SUPPLIED INFORMATION >>
BEGIN

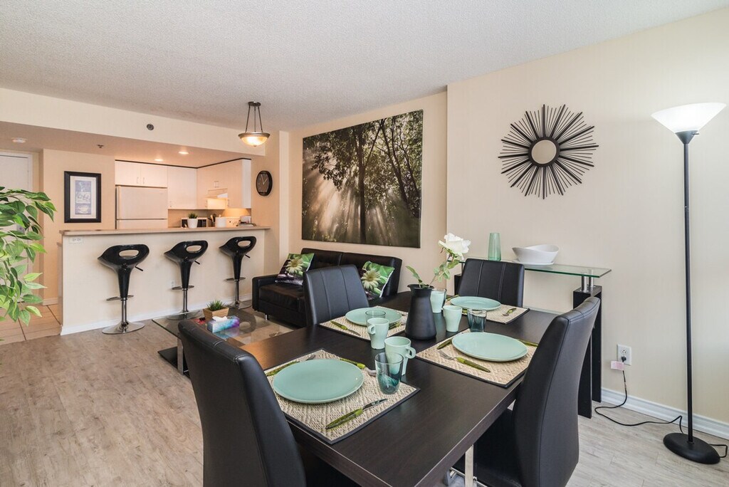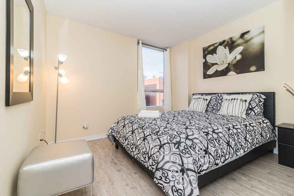 Snag this beautiful apartment for yourself right in the sought-after Quartier des Spectacles neighborhood and you'll experience the very best of Montreal. Fall in love with how easy it is to live in the city, being just minutes away from some of the best restaurants, bars, and cafes around, as well as three metro lines, a bus terminal, and car and bike rental services. Better yet, take the time to explore and just walk to Downtown, Old Montreal, Chinatown, or the Village. Furniture that matches the beautiful zen design of this gorgeous apartment. Enjoy your meals at home at your convenience with the completely equipped kitchen, complete with cozy dining room table. Beautiful large windows flood the apartment with light ideally located right in downtown Montreal. Parking per availability for an additional fee. 31 nights minimum stay is required.
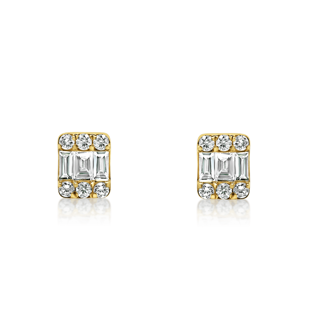 Cercei din aur galben de 18K încrustați cu Diamante naturale de 0.15ct.
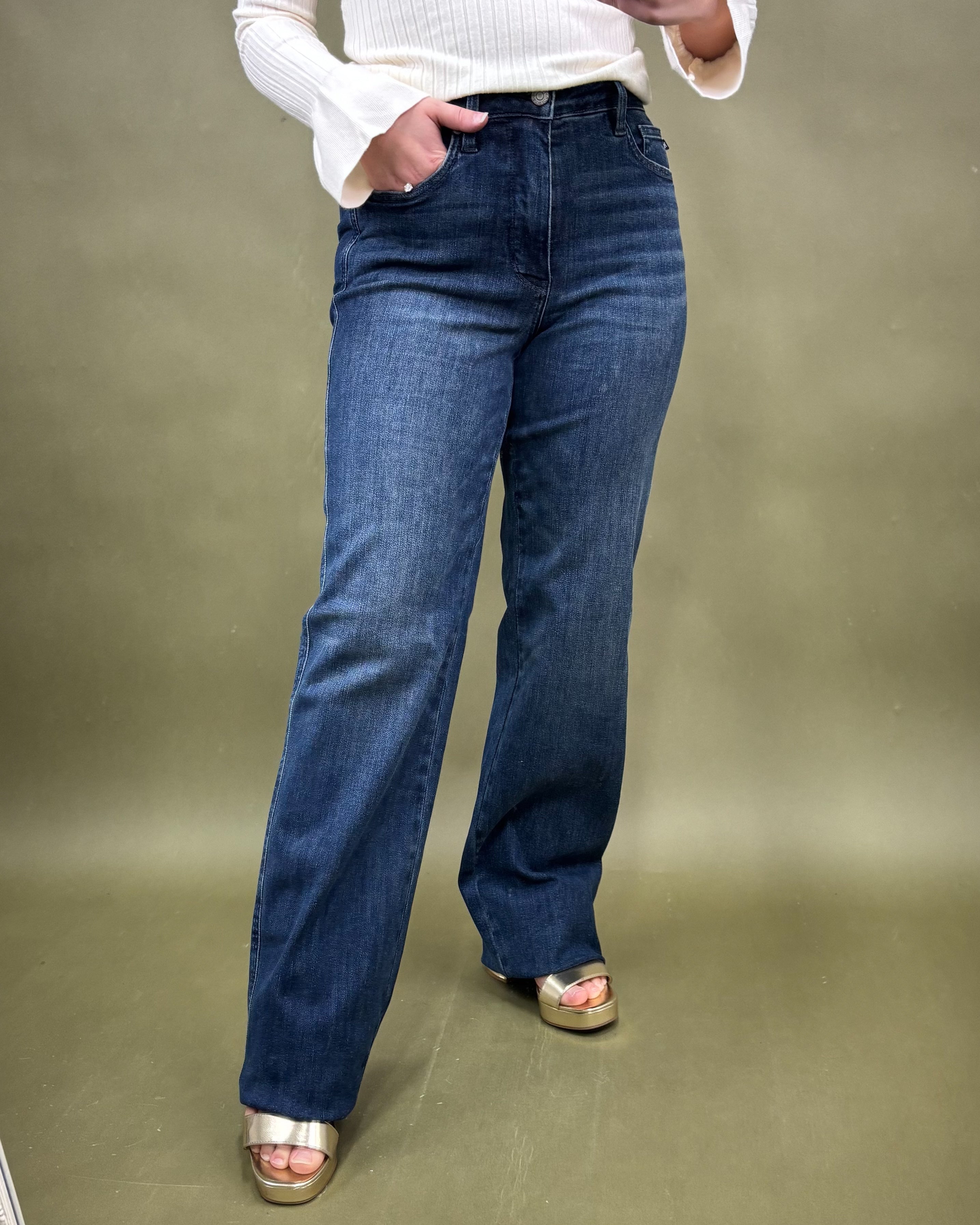 Finished in Judy Blueâs super-soft denim blend, The Elise moves with you seamlessly while maintaining its shape wear after wear. The straight-leg cut offers a timeless, elongating line that pairs perfectly with boots, heels, sneakers, sandals â you name it. From workdays to weekends, these jeans are made to be lived in.đ Features Youâll Love:

END

TASK BRIEF >>
The expected answer is an unaltered copy of the listing, images removed.

WRITTEN SOLUTION >>
 Snag this beautiful apartment for yourself right in the sought-after Quartier des Spectacles neighborhood and you'll experience the very best of Montreal. Fall in love with how easy it is to live in the city, being just minutes away from some of the best restaurants, bars, and cafes around, as well as three metro lines, a bus terminal, and car and bike rental services. Better yet, take the time to explore and just walk to Downtown, Old Montreal, Chinatown, or the Village. Furniture that matches the beautiful zen design of this gorgeous apartment. Enjoy your meals at home at your convenience with the completely equipped kitchen, complete with cozy dining room table. Beautiful large windows flood the apartment with light ideally located right in downtown Montreal. Parking per availability for an additional fee. 31 nights minimum stay is required.
 Cercei din aur galben de 18K încrustați cu Diamante naturale de 0.15ct.
 Finished in Judy Blueâs super-soft denim blend, The Elise moves with you seamlessly while maintaining its shape wear after wear. The straight-leg cut offers a timeless, elongating line that pairs perfectly with boots, heels, sneakers, sandals â you name it. From workdays to weekends, these jeans are made to be lived in.đ Features Youâll Love:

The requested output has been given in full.